[Data items]
'''
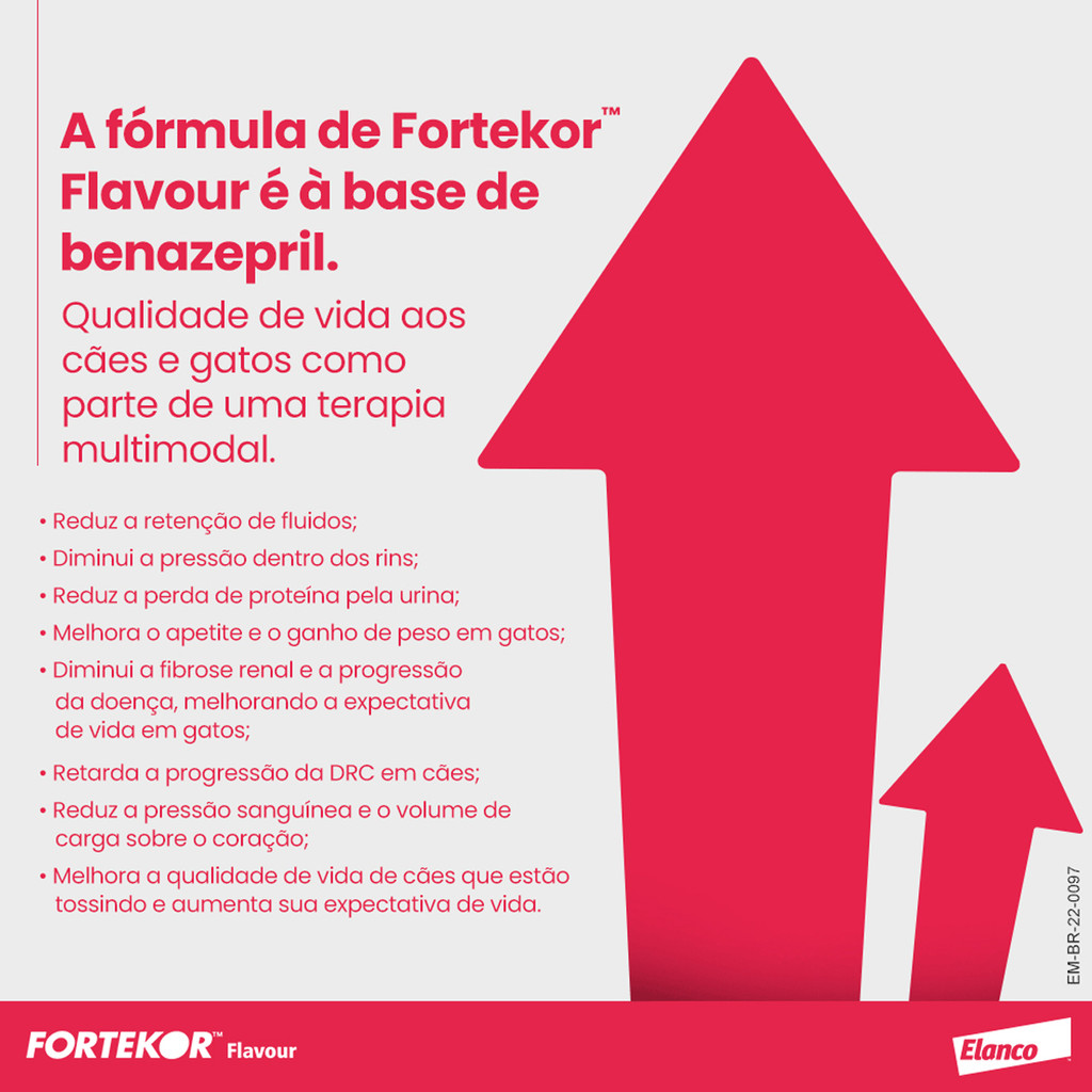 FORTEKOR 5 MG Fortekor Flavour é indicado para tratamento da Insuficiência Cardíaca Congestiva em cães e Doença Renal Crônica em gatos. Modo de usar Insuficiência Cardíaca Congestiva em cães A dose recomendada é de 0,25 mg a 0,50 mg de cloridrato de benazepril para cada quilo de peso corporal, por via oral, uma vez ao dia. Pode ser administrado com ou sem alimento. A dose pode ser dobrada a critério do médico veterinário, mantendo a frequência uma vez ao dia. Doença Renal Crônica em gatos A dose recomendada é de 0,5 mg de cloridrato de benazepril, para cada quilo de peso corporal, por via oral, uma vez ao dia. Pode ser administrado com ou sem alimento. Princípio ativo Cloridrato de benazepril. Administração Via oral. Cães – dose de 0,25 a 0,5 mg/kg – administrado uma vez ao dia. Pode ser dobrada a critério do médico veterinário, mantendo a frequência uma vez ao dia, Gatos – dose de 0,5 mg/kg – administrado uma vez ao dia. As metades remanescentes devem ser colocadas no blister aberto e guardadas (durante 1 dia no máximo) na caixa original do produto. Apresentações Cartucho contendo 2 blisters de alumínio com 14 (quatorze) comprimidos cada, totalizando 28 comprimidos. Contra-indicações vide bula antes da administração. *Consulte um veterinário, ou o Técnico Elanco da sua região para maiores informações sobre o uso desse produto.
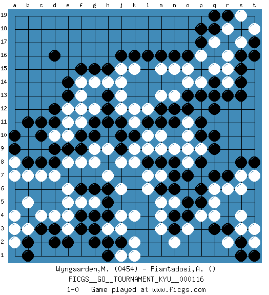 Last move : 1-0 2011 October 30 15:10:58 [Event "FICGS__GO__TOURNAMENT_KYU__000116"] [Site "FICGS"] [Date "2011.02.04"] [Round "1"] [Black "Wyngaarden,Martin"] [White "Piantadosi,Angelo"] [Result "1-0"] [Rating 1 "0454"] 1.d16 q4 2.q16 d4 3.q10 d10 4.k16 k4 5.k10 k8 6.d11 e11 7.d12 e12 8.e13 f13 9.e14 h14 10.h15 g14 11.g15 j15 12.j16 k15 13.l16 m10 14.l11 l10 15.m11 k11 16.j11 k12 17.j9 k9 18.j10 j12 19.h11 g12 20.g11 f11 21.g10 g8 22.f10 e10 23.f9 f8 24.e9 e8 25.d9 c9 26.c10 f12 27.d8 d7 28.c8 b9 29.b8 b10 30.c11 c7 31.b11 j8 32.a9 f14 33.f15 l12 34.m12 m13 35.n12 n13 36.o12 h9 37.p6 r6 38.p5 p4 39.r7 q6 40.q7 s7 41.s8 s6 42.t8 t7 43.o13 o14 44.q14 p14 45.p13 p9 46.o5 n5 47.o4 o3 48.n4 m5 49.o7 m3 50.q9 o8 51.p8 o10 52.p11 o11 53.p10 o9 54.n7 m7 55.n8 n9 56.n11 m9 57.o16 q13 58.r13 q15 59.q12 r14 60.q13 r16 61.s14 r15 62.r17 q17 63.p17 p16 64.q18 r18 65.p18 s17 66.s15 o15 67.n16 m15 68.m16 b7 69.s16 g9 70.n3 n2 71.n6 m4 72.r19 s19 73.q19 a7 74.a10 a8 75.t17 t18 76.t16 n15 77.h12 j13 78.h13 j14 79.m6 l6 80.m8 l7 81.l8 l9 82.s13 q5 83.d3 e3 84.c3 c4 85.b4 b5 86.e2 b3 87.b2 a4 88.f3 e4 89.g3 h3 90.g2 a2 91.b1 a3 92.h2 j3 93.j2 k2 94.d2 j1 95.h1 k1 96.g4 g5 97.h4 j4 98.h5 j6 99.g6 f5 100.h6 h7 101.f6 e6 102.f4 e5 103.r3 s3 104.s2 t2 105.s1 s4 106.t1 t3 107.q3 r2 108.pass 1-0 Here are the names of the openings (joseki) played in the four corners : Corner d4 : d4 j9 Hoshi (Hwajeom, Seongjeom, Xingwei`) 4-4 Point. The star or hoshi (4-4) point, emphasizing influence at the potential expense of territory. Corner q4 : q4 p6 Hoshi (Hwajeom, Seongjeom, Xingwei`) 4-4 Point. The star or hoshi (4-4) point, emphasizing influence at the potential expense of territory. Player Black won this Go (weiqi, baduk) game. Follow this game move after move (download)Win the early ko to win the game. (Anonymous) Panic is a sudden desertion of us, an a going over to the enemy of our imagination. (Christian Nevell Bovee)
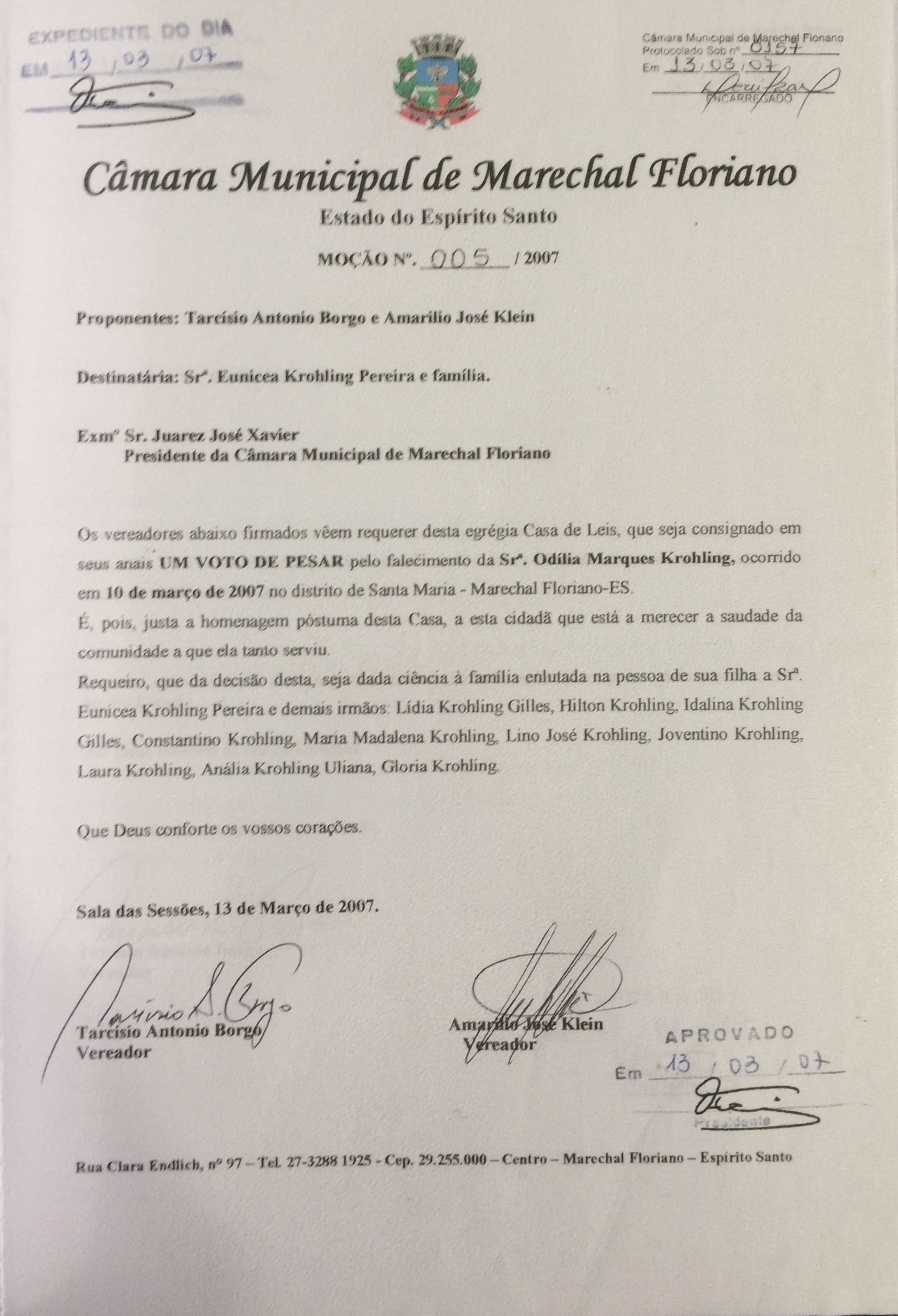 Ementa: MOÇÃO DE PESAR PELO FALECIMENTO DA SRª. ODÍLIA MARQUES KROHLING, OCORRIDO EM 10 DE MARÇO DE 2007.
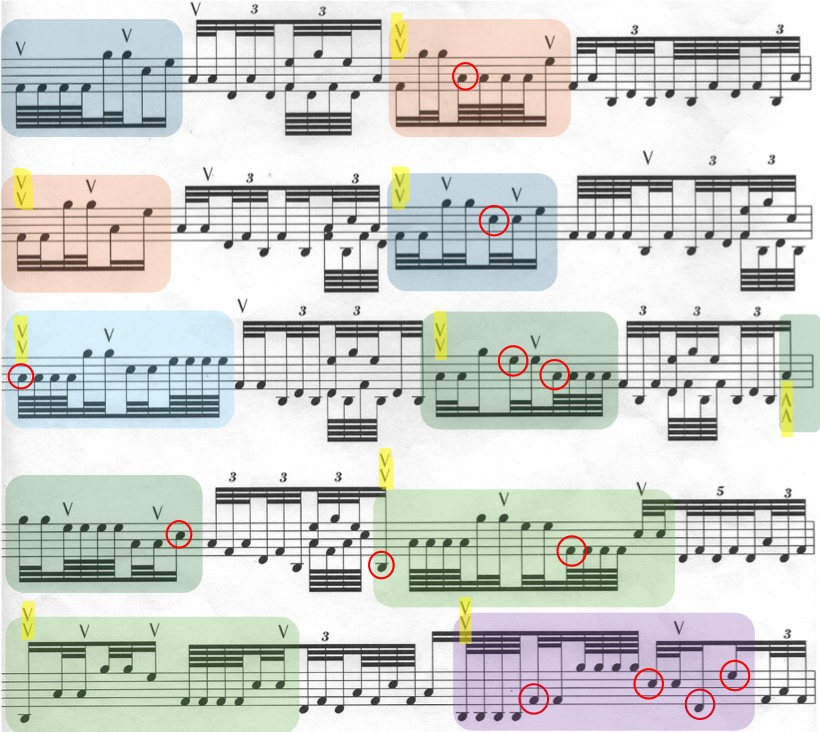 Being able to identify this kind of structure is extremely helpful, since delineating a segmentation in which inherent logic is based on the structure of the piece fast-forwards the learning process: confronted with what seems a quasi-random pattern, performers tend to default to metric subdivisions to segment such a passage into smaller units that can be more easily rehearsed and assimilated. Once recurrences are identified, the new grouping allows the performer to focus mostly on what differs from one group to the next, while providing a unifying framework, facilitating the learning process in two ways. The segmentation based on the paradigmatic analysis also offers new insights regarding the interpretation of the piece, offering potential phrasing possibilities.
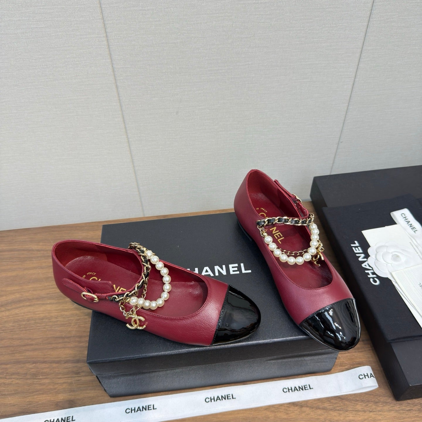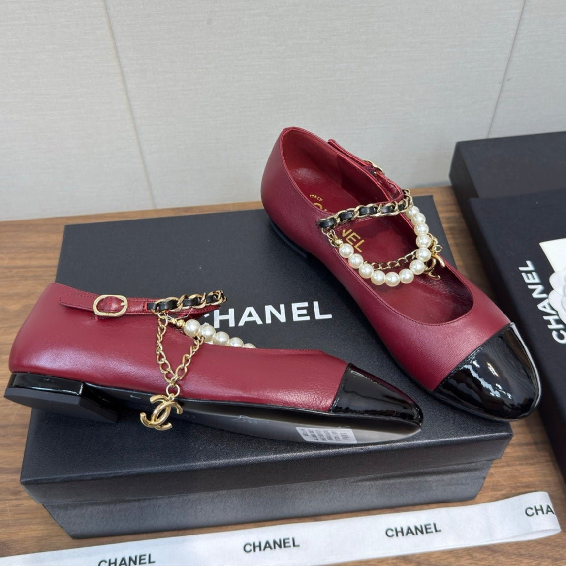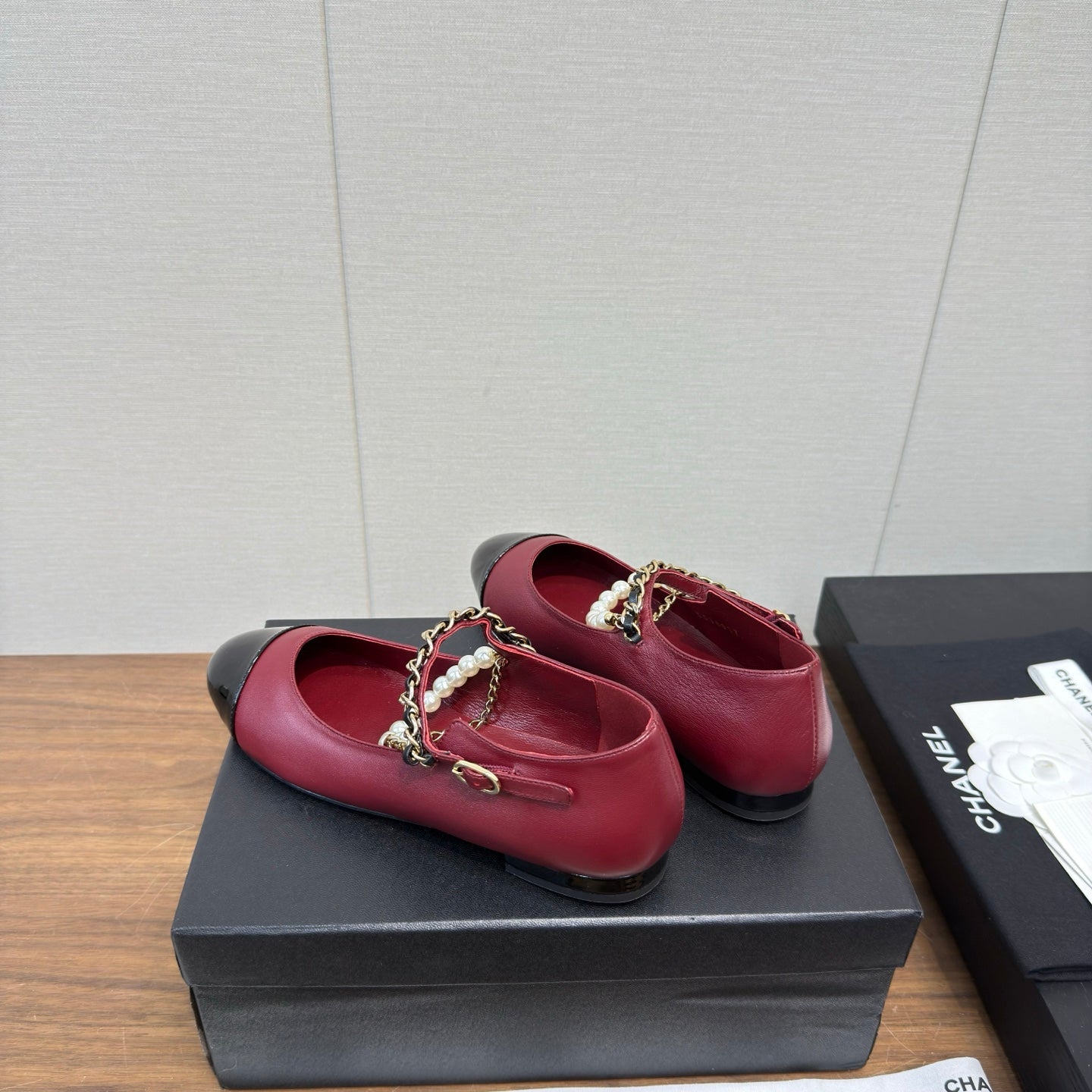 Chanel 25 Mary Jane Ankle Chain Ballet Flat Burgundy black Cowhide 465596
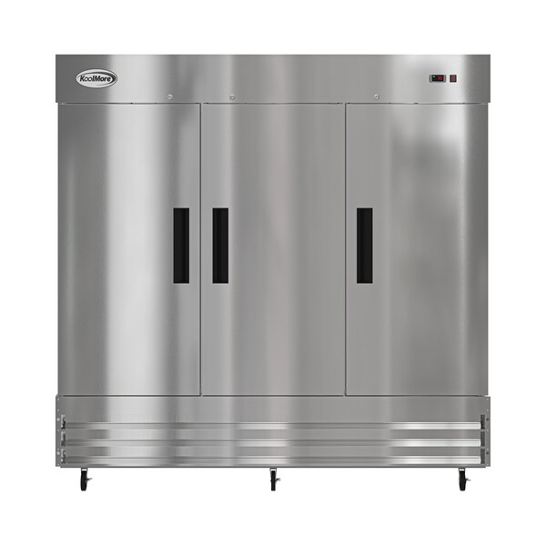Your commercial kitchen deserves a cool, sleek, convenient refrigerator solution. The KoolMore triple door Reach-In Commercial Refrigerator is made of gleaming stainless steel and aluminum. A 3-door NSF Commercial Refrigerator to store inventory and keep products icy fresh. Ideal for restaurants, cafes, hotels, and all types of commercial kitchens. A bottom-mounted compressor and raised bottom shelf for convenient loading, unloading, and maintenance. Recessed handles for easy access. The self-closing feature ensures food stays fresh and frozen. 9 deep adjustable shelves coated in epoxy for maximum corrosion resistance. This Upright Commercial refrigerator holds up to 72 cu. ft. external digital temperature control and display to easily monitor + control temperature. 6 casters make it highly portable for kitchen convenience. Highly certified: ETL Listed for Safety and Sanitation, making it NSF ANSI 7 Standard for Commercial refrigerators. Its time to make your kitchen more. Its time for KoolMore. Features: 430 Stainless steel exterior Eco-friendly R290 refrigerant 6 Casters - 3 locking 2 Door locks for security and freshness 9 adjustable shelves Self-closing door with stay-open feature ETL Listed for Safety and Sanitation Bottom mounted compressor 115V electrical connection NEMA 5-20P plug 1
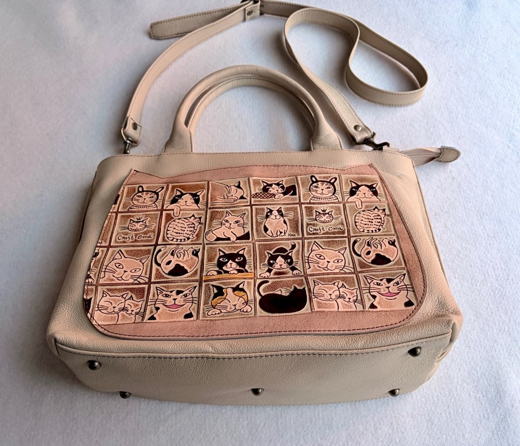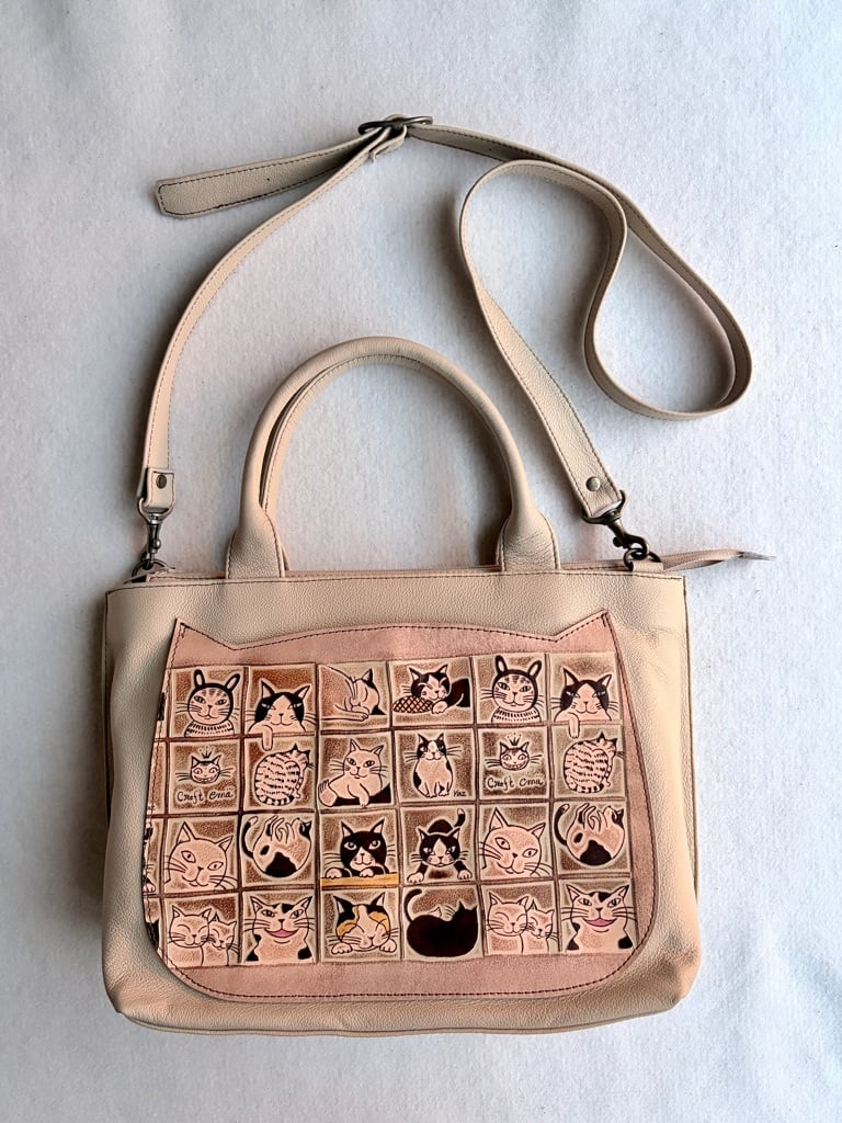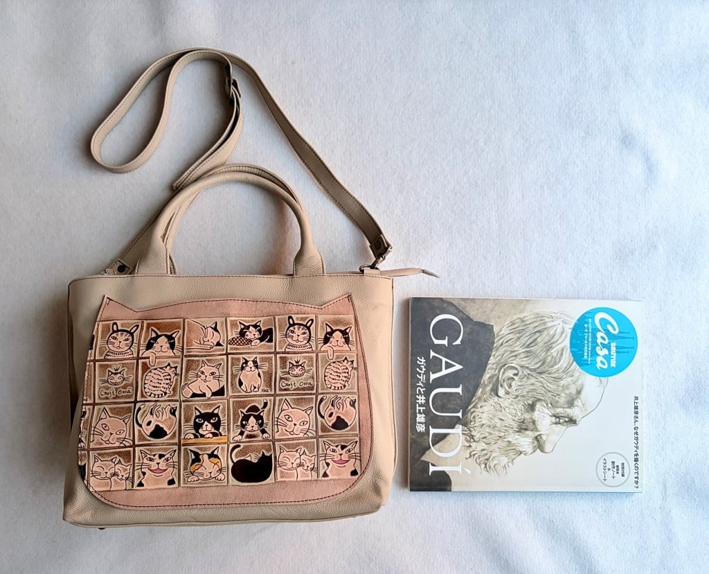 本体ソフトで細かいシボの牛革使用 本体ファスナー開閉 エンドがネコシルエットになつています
'''
Please return the lines from the line with "Your commercial kitchen" through the last line of the data, both included, exactly, and without pictures.

SOLUTION TO THIS EXERCISE
Your commercial kitchen deserves a cool, sleek, convenient refrigerator solution. The KoolMore triple door Reach-In Commercial Refrigerator is made of gleaming stainless steel and aluminum. A 3-door NSF Commercial Refrigerator to store inventory and keep products icy fresh. Ideal for restaurants, cafes, hotels, and all types of commercial kitchens. A bottom-mounted compressor and raised bottom shelf for convenient loading, unloading, and maintenance. Recessed handles for easy access. The self-closing feature ensures food stays fresh and frozen. 9 deep adjustable shelves coated in epoxy for maximum corrosion resistance. This Upright Commercial refrigerator holds up to 72 cu. ft. external digital temperature control and display to easily monitor + control temperature. 6 casters make it highly portable for kitchen convenience. Highly certified: ETL Listed for Safety and Sanitation, making it NSF ANSI 7 Standard for Commercial refrigerators. Its time to make your kitchen more. Its time for KoolMore. Features: 430 Stainless steel exterior Eco-friendly R290 refrigerant 6 Casters - 3 locking 2 Door locks for security and freshness 9 adjustable shelves Self-closing door with stay-open feature ETL Listed for Safety and Sanitation Bottom mounted compressor 115V electrical connection NEMA 5-20P plug 1
 本体ソフトで細かいシボの牛革使用 本体ファスナー開閉 エンドがネコシルエットになつています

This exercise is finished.